DETAILED DESCRIPTION OF THE EMBODIMENTS

[0024] Embodiments of the invention will be described in detail with reference to FIGS. 1 to 8 .

[0025] FIG. 1 is a block diagram showing the structure of a management system for an air conditioner. Referring to FIG. 1, a personal computer 100 used as a monitoring apparatus is connected via a converter unit 200 to an air conditioner 300 to be monitored or controlled.

[0026] The air conditioner 300 has a plurality of outdoor machines 301 , a refrigerator or chiller machine 302 and a plurality of indoor machines, respectively interconnected by transmission paths via which data is transferred to control these machines. The outdoor machine 301 includes a compressor whose capacity is controlled by varying a drive frequency, for example, by an inverter, an outdoor heat exchanger, an electronic expansion valve and the like. A pressure sensor for detecting a discharge gas pressure and a temperature sensor for detecting a temperature are mounted on a discharge pipe of the compressor. The indoor machine has an indoor heat exchanger and an electronic expansion valve, and is connected to the outdoor machine via a refrigerant circulating path to constitute a refrigerating cycle.

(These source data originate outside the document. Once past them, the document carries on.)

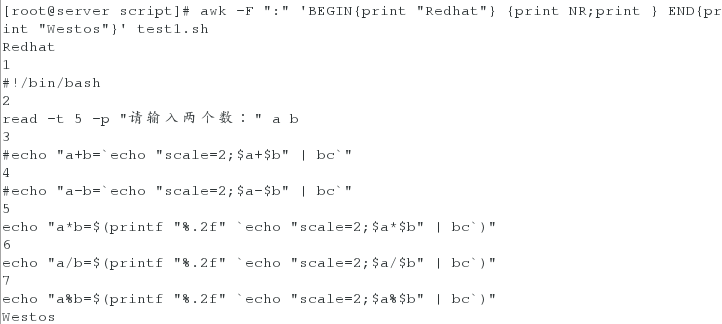 [root@server script]# awk -F ":" 'BEGIN{print "Redhat"} {print NR;print } END{print "Westos"}' test1.sh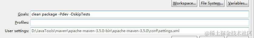package -Pdev 使用开发环境打包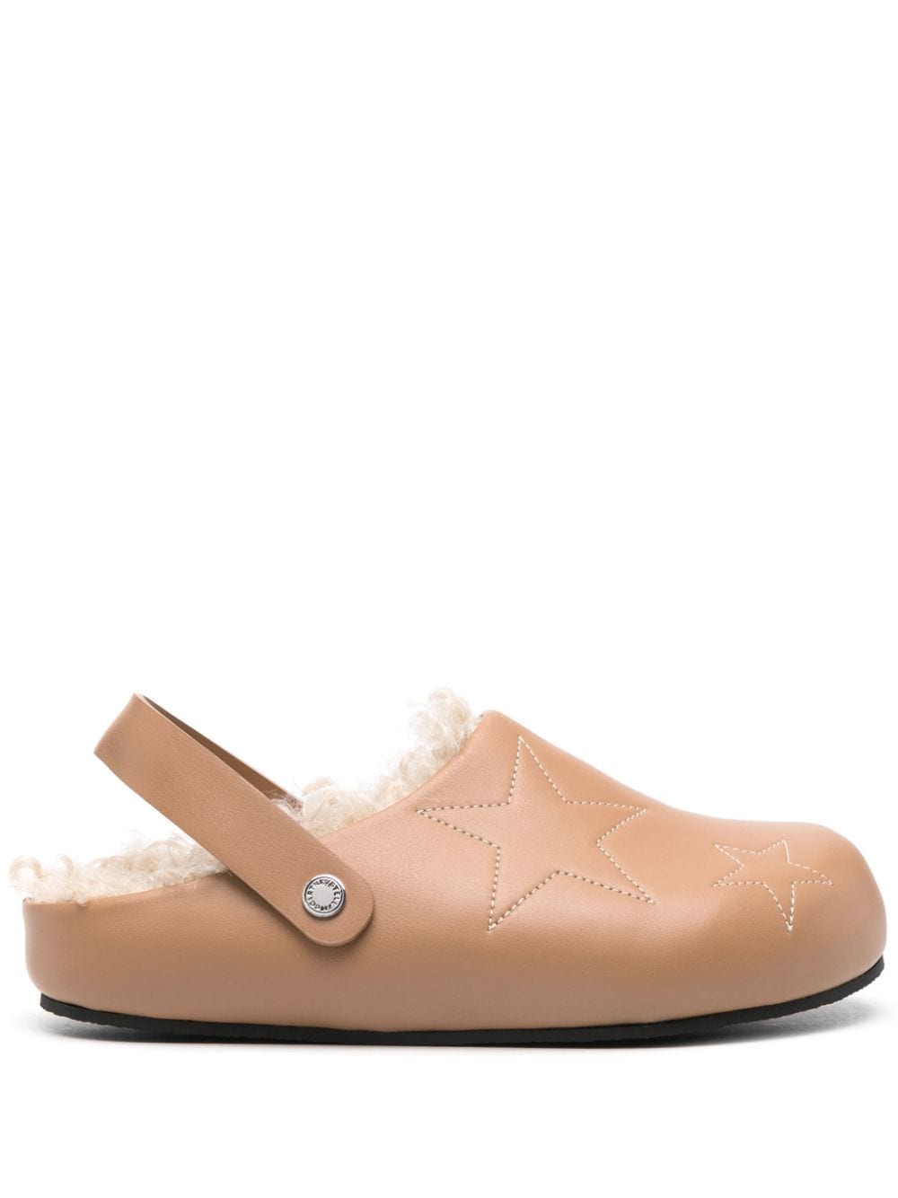 camel beige recycled polyester faux leather star embroidery to the front slingback strap asymmetric toe faux-shearling lining branded insole flat rubber sole This piece comes complete with a protective dust bag. This item is made from at least 50% recycled or upcycled materials. For recycled synthetic clothing products, we highly recommend using a microfibre-catching washing bag to ensure that no microplastics that can pollute water are released in the process. Learn more about what makes a product Conscious on our Conscious Criteria page Size and Fit - Heel 0,6 in / 1,5 cm

[0027] The start/stop, running mode, air quantity, temperature and the like of the air conditioner can be controlled by using a remote controller or centralized controller connected to the air conditioner. For example, when a cool running is designated by the remote controller, a condensation temperature is calculated from a pressure value detected with the pressure sensor of the outdoor machine and compared with a temperature detected with the temperature sensor. From this comparison result, a total opening degree of electronic expansion valves corresponding to an optimum refrigerant quantity is calculated, and in accordance with this total opening degree, the opening degree of the electronic expansion valve of each indoor machine is controlled. During a high load operation, the inverter controls the compressor to run it at high rotation speed, and as the load reduces, the inverter controls the compressor to run it at lower rotation speed.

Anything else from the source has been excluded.